Aside from being really granular about the content I consume, there have been teachers who really lifted me up. Sometimes I think we mistake mentorship as having to have one particular look but it’s really about the people along your journey that “speak life into you.” Coming from a Pentecostal religious background, that phrase means something. Without the likes of Andrew Ward and Kay Brough (my former English teachers), honestly? I think my spirit of interrogation wouldn’t have been what is today. Thinking about what that means especially in the context of Black girlhood and the ways that Richard Williams, for instance, was so adamant about protecting that fire in his daughters, I don’t take the urgency of that lightly when I speak to other young Black aspiring writers.
As I mentioned, since leaving college, I’ve been a part of initiatives such as Jose Solis’ BIPOC Critics Lab in partnership with the Kennedy Center, Creative Mentor Network’s ‘Break The Wall 21, and Women in Journalism’s Junior Mentorship Scheme—the latter two are UK-based programmes aimed at breaking down the barriers of access within the creative industries. All of which I applied to realising the importance of having those relationships if I was to ever sustain a career of my own. I’ve been so fortunate to have the ear of people finding creative solutions in their own respective lanes who’ve really pushed me along in my own journey this past year.
I’d like to credit Callum Tyler (who, again, I was assigned to as part of CMN’s ‘Break The Wall ‘21’ initiative)—a brilliant senior creative copywriter, former radio person and Scot whose really been a grounding presence as I’ve been finding my way. Despite us working in different parts of the creative sector, we’ve been able to find a comfortable middle-ground where I’ve learnt a lot about the process of pitching, what it means to fulfil briefs from start to finish and we’ve been able to work through some of my anxieties about codeswitching, masking and workplace politics. Also, I just think it’s been really wonderful to talk frankly about some of the unique concerns that come with being Northern creatives; those pockets of safety and recognition are really important.
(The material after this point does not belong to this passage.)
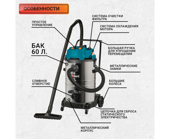 Пылесос строительный Bort BSS-2460-Storm (93417555)

Read the full interview with Vuyokazi here.
A Cause Worth Supporting
From Vuyokazi Mtukela:
No Police in Schools Manchester is a community campaign led by Kids of Colour and the Northern Police Monitoring Project, united by our shared concerns over the increasing presence of police in schools in Greater Manchester and beyond. “We are parents, teachers, young people, youth workers, community members, academics, and activists, and we believe that there should be No Police in Schools.”
Check out all of the causes highlighted by folks I’ve interviewed.
Trivia Time
Who was the first woman to appear on the cover of The Wire? (Hint: The magazine began in the early 1980s and was heavily jazz-focused in its early years.)
Stuff You Gotta Watch
Stuff You Gotta Watch celebrates music journalism in video form. This week’s column is by Ana Leorne.
“Make your little riot happen and do it yourself” was the main motto of Bee Keeper, a Lisbon-based DIY label run by Elsa Pires and Luis Futre in the mid-’90s. It might have started as a “joke,” but in a landscape dominated by majors that left virtually no room (or money) for the alternative scene, Bee Keeper managed to cause a decent-sized stir in the underground of the Portuguese capital.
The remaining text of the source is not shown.